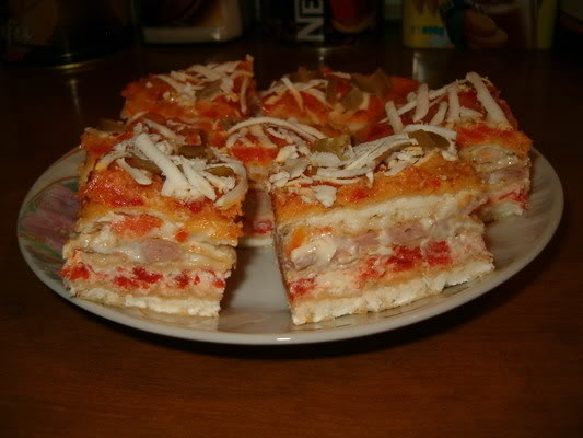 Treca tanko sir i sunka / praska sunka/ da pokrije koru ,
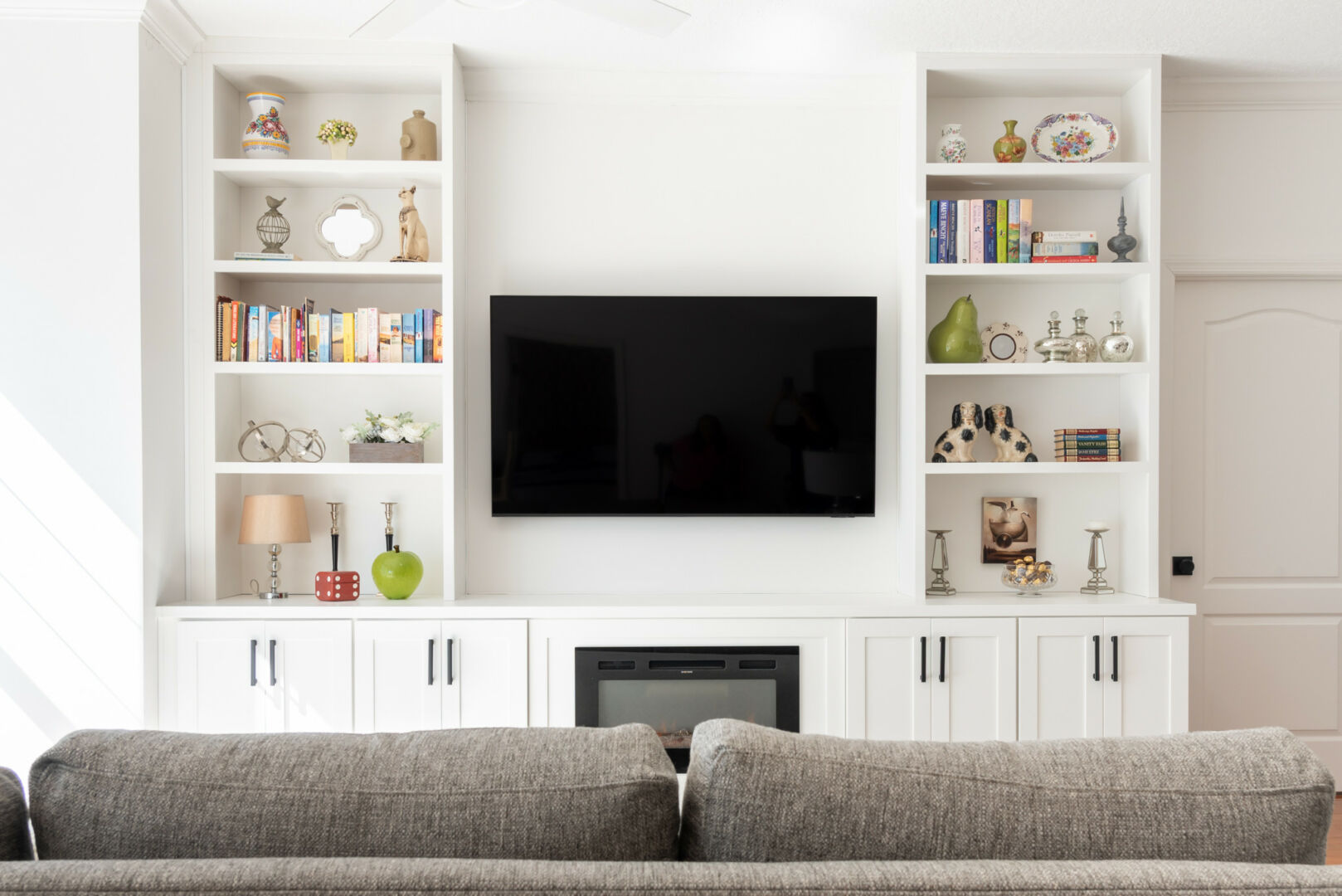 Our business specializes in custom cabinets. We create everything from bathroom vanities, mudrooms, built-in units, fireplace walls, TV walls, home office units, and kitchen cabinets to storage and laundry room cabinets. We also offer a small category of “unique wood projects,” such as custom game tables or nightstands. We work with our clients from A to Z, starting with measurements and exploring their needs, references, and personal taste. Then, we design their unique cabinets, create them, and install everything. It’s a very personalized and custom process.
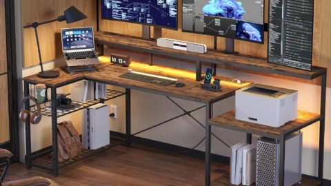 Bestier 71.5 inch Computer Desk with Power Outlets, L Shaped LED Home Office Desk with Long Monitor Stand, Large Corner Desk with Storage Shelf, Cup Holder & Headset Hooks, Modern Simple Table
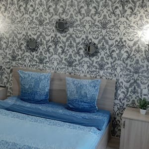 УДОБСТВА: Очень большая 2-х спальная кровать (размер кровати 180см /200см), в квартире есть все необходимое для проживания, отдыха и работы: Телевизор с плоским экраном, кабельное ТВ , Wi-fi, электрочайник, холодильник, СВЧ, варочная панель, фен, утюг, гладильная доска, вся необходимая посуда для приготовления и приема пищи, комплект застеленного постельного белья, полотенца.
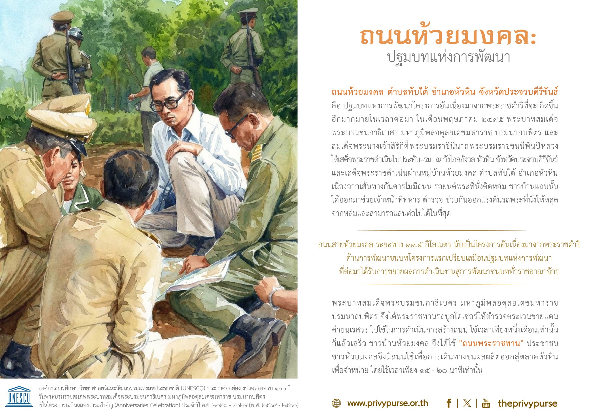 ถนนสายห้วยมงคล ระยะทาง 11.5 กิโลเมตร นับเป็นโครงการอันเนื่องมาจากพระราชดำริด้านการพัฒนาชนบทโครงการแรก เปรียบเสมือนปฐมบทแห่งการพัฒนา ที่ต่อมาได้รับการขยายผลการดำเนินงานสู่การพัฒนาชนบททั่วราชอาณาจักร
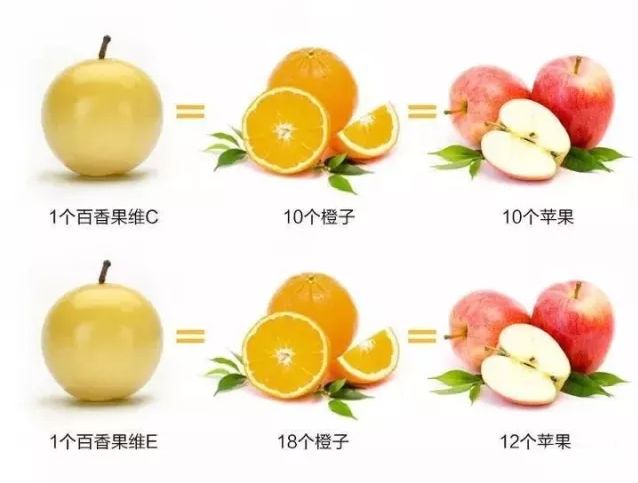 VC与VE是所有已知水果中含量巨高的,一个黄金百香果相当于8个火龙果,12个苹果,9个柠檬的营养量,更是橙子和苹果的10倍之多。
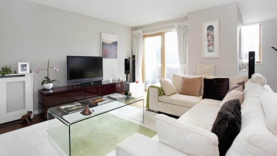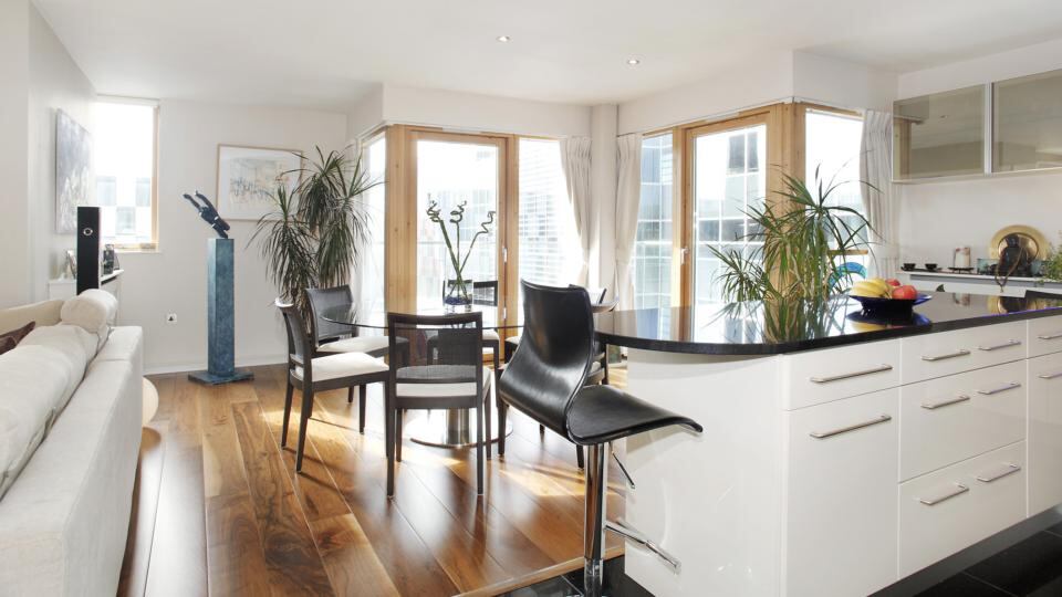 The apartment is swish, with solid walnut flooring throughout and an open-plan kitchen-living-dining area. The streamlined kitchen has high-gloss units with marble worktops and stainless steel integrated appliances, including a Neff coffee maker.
____
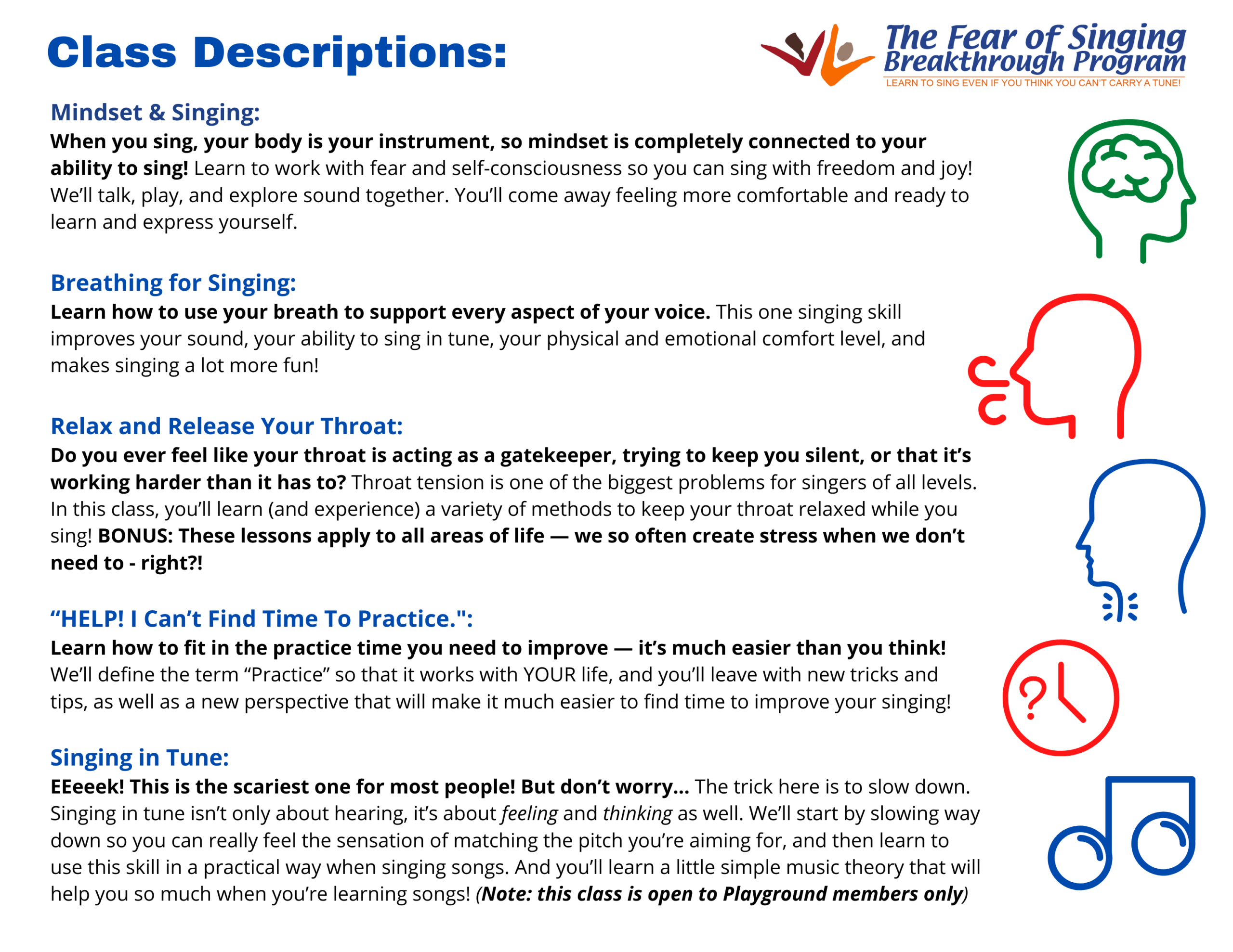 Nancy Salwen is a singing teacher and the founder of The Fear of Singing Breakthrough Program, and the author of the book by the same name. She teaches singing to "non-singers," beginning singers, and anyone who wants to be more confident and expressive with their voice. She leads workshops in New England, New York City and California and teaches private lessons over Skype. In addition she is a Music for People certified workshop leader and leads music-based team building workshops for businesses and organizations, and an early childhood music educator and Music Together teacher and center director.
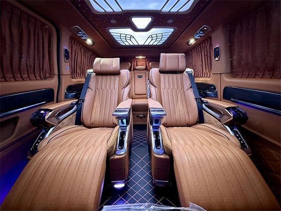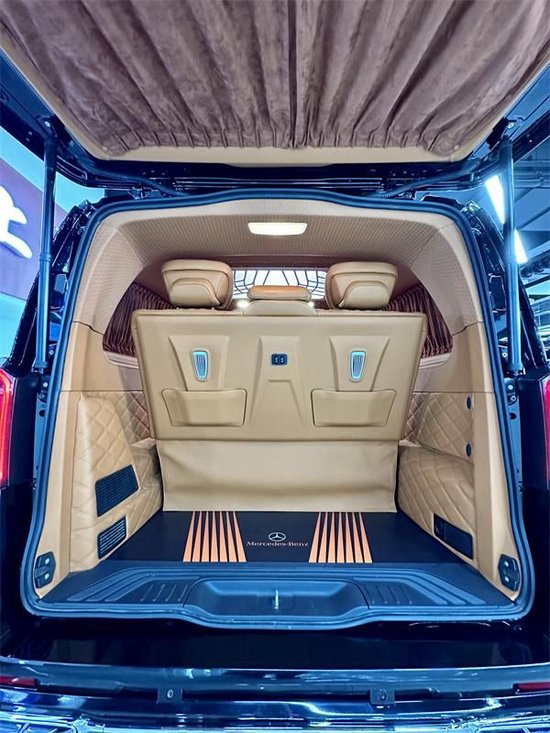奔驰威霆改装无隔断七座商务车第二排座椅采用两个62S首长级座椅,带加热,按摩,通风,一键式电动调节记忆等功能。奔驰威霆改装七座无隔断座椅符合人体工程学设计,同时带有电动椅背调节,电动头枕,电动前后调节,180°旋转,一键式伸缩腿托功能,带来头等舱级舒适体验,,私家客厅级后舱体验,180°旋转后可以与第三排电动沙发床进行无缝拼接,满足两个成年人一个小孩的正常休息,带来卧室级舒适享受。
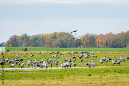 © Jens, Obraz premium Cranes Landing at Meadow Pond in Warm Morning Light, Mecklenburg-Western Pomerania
____
Task description -
Although pictures appear among the records above, none are to be output; print exactly the lines from the line containing "奔驰威霆改装无隔断七座商务车" through the line containing "Light, Mecklenburg-Western Pomerania".

Task output -
奔驰威霆改装无隔断七座商务车第二排座椅采用两个62S首长级座椅,带加热,按摩,通风,一键式电动调节记忆等功能。奔驰威霆改装七座无隔断座椅符合人体工程学设计,同时带有电动椅背调节,电动头枕,电动前后调节,180°旋转,一键式伸缩腿托功能,带来头等舱级舒适体验,,私家客厅级后舱体验,180°旋转后可以与第三排电动沙发床进行无缝拼接,满足两个成年人一个小孩的正常休息,带来卧室级舒适享受。
 © Jens, Obraz premium Cranes Landing at Meadow Pond in Warm Morning Light, Mecklenburg-Western Pomerania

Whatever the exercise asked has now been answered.